■ **Source material**
----

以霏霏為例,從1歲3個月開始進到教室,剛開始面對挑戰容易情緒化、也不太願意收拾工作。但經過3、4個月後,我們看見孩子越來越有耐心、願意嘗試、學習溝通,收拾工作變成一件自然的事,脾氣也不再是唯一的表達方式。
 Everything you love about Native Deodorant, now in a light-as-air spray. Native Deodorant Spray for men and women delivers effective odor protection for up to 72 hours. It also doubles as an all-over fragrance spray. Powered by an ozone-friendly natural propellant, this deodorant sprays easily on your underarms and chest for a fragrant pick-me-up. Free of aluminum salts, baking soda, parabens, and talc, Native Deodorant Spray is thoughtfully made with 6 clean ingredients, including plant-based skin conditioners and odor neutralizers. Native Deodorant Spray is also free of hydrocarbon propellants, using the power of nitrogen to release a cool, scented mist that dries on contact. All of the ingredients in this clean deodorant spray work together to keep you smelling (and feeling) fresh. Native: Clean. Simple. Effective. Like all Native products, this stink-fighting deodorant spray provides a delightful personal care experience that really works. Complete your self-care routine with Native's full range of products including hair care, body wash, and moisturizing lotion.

----

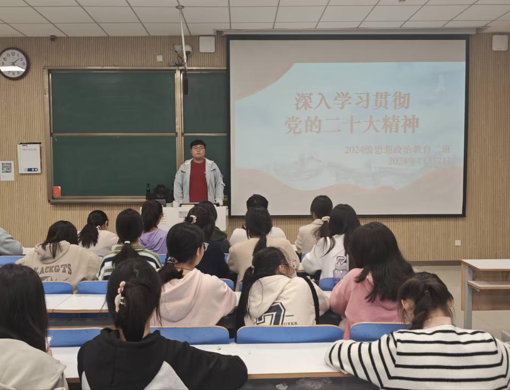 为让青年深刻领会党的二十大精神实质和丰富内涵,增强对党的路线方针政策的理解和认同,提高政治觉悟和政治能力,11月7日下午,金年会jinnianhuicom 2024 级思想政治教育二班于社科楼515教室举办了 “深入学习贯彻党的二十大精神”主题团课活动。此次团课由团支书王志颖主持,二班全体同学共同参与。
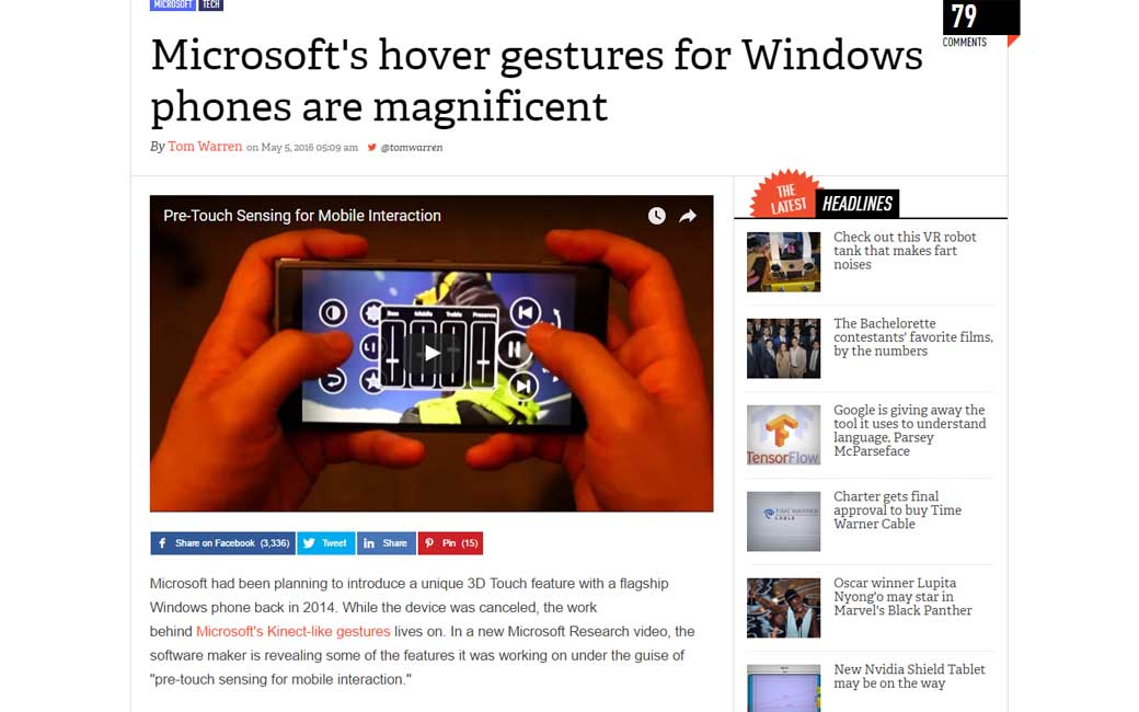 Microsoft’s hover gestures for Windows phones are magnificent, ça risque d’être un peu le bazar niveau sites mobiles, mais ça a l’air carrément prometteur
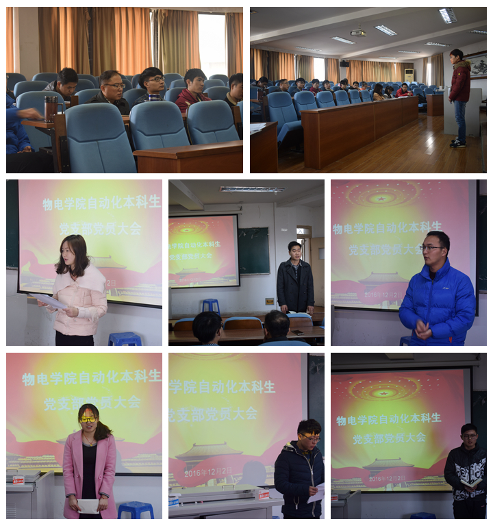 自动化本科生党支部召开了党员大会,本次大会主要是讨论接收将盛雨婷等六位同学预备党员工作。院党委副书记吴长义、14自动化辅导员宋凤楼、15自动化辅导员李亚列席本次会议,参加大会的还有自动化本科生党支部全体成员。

----

■ **Required action**
Taking the records above, retype every line from the one with "以霏霏為例,從1歲3個月開始" down to the one with "Everything you love", exactly and with nothing else.

■ **Task result**
以霏霏為例,從1歲3個月開始進到教室,剛開始面對挑戰容易情緒化、也不太願意收拾工作。但經過3、4個月後,我們看見孩子越來越有耐心、願意嘗試、學習溝通,收拾工作變成一件自然的事,脾氣也不再是唯一的表達方式。
 Everything you love about Native Deodorant, now in a light-as-air spray. Native Deodorant Spray for men and women delivers effective odor protection for up to 72 hours. It also doubles as an all-over fragrance spray. Powered by an ozone-friendly natural propellant, this deodorant sprays easily on your underarms and chest for a fragrant pick-me-up. Free of aluminum salts, baking soda, parabens, and talc, Native Deodorant Spray is thoughtfully made with 6 clean ingredients, including plant-based skin conditioners and odor neutralizers. Native Deodorant Spray is also free of hydrocarbon propellants, using the power of nitrogen to release a cool, scented mist that dries on contact. All of the ingredients in this clean deodorant spray work together to keep you smelling (and feeling) fresh. Native: Clean. Simple. Effective. Like all Native products, this stink-fighting deodorant spray provides a delightful personal care experience that really works. Complete your self-care routine with Native's full range of products including hair care, body wash, and moisturizing lotion.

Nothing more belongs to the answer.